Procedimientos y Seguridad

Al comenzar y definir el manual de Seguridad Informática se debe establecer como primer paso la Política de Seguridad a seguir por la entidad. La política marcará la toma de decisiones y moldeará los procedimientos que se diseñarán para los procesos dentro de la misma.

La política de seguridad establecida mostrará la voluntad y deseo de la alta dirigencia de la institución para la actividad de Seguridad Informática. Ellos proclamarán cuáles son sus lineamentos, alcance, vigencia, máximos responsables por su definición, ejecución y control. Exactamente una caracterización precisa del tipo de Seguridad Informática que quieren para el entorno tecnológico, informativo y organizacional que les compete. Toda tecnología ha de ser segura para que se reporte como verdaderamente útil y no genere otros conflictos a dilucidar. La información será el activo principal a resguardar después del equipamiento tecnológico o tanto como este. La Seguridad Informática enrolará a cada segmento de la organización, a cada componente estructural o humano. Y esta política incidirá en los procedimientos definidos para el funcionamiento de toda la entidad. Cada uno de los engranajes que accionan los mecanismos habrá de girar bajo el diseño de procedimientos seguros.

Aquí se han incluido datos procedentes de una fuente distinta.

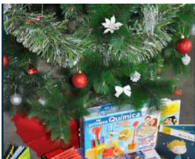
O punto de recollida situado na cafetería Lamarita da Cidade Universitaria.
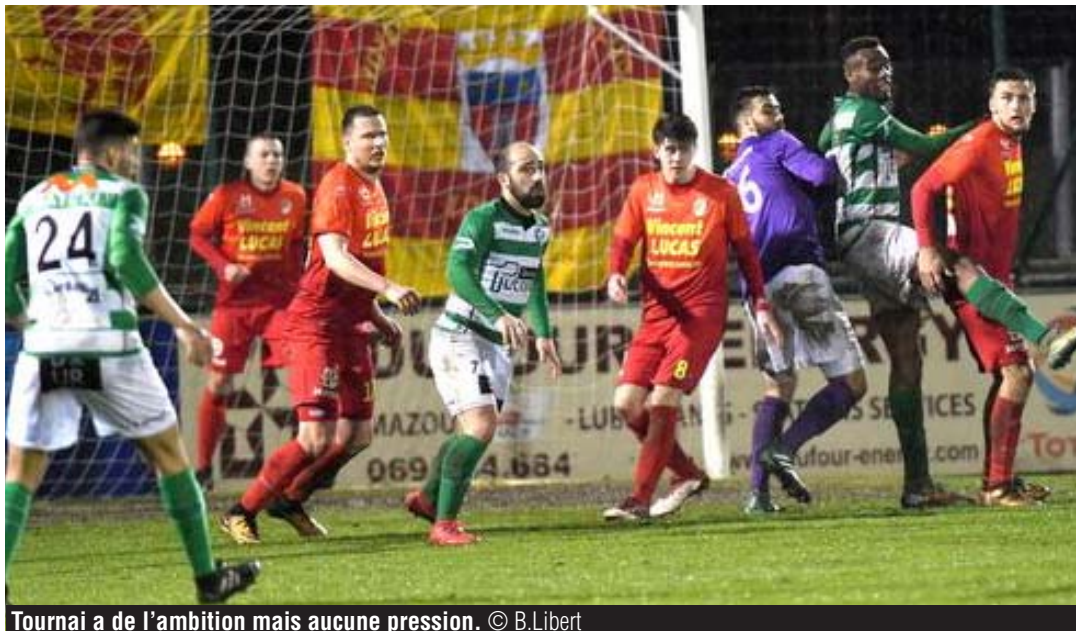
Tournai a de l'ambition mais aucune pression.

Le chemin qui sépare Tournai de la D2 amateurs pourrait être moins long que prévu. La licence de Virton et le tour final de D2 amateurs, où l'URLC, l'Olympic et Liège sont impliqués, pourraient libérer une voire plusieurs places à l'échelon supérieur. Patience... « Nous y verrons bien plus clair la semaine prochaine », confie Dominique Moreau, l'un des dirigeants de l'ACFF. « Tous les cas de figure sont prévus mais effectivement, il se pourrait que le troisième match du tour final de D3 amateurs ne serve à rien. Actuellement, nous sommes tributaires de trop de choses pour établir des prévisions, mais la situation devrait commencer à se décanter dans quelques jours, une fois que Virton sera fixé sur son avenir... » En clair, si la situation vire à la catastrophe pour Virton et/ou que des Wallons montent en D1 amateurs, deux victoires devraient suffire aux participants
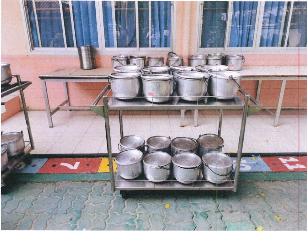
เจ้าหน้าที่เตรียมอาหารส่งตามห้อง
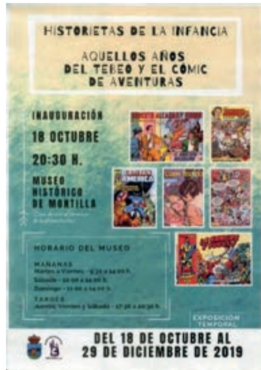
Carteles de las exposiciones temporales “El noticiero y su máquina de escribir” e “Historias de la infancia. Aquellos años del tebeo y el cómic de aventuras”.

3. Así mismo, gracias a la desinteresada colaboración de amigos del patrimonio local, se pusieron en marcha tres exposiciones temporales: “Siguiendo el rastro de la ballena de Montilla”, que expone el hallazgo del primer cetáceo fósil de España; “El noticiero y su máquina de escribir”, en el que se hace un recorrido por la prensa a través de la historia; e “Historias de la infancia. Aquellos años del tebeo

No tiene sentido hablar de procedimientos establecidos y que no se contemple en ello la política de la Seguridad Informática El mantenimiento a una computadora, la asignación de una cuenta de correo electrónico, la salva de respaldo para un sistema implantado, la adquisición de nuevos softwares; todos estos procedimientos deben ser definidos cuidadosamente. El análisis o revisión de los procedimientos del sistema de gestión informática contribuye a conocer el funcionamiento interno por lo que respecta a descripción de tareas, ubicación, requerimientos y a los puestos responsables de su ejecución. Auxiliar en la inducción del puesto y al adiestramiento y capacitación del personal ya que describen en forma detallada las actividades de cada puesto. Interviene en la consulta de todo el personal. Que se desee emprender tareas de simplificación de trabajo como análisis de tiempos, delegación de autoridad, etc. Para establecer un sistema de información o bien modificar el ya existente. Para uniformar y controlar el cumplimiento de las rutinas de trabajo y evitar su alteración arbitraria. Determina en forma más sencilla las responsabilidades por fallas o errores. Facilita las labores de auditoria, evaluación del control interno y su evaluación. Aumenta la eficiencia de los empleados, indicándoles lo que deben hacer y cómo deben hacerlo. Enuncia las competencias de que el empleado debe disponer para el puesto. Ayuda a la coordinación de actividades y evitar duplicidades. Construye una base para el análisis posterior del trabajo y el mejoramiento de los sistemas y métodos.

Como se habrá percatado, lo mismo que todo sistema, el de Seguridad Informática contará con un manual de procedimientos cuidadosamente detallados acatando la política de seguridad. Si cada área a definido su manual de procedimientos, se pueden incorporar los mismos al manual de Seguridad Informática Supongamos que el área contable emplea un sistema automatizado del que se deben hacer salvas de información procesada diariamente. Este constituye un procedimiento a incluir en el manual de Seguridad Informática de la entidad. Pero si el procedimiento a pesar de ejecutarse diariamente no está definido y registrado en un documento se está dejando que pueda caer en el olvido o que simplemente se pierda con la ausencia del actual operador del sistema contable. Además no sería posible para terceros controlar la correcta ejecución del mismo. Hablamos de una sencilla acción vital para garantizar la disponibilidad de la información. Cuantas otras no realizamos en nuestra faena diaria y pudieran correr igual suerte.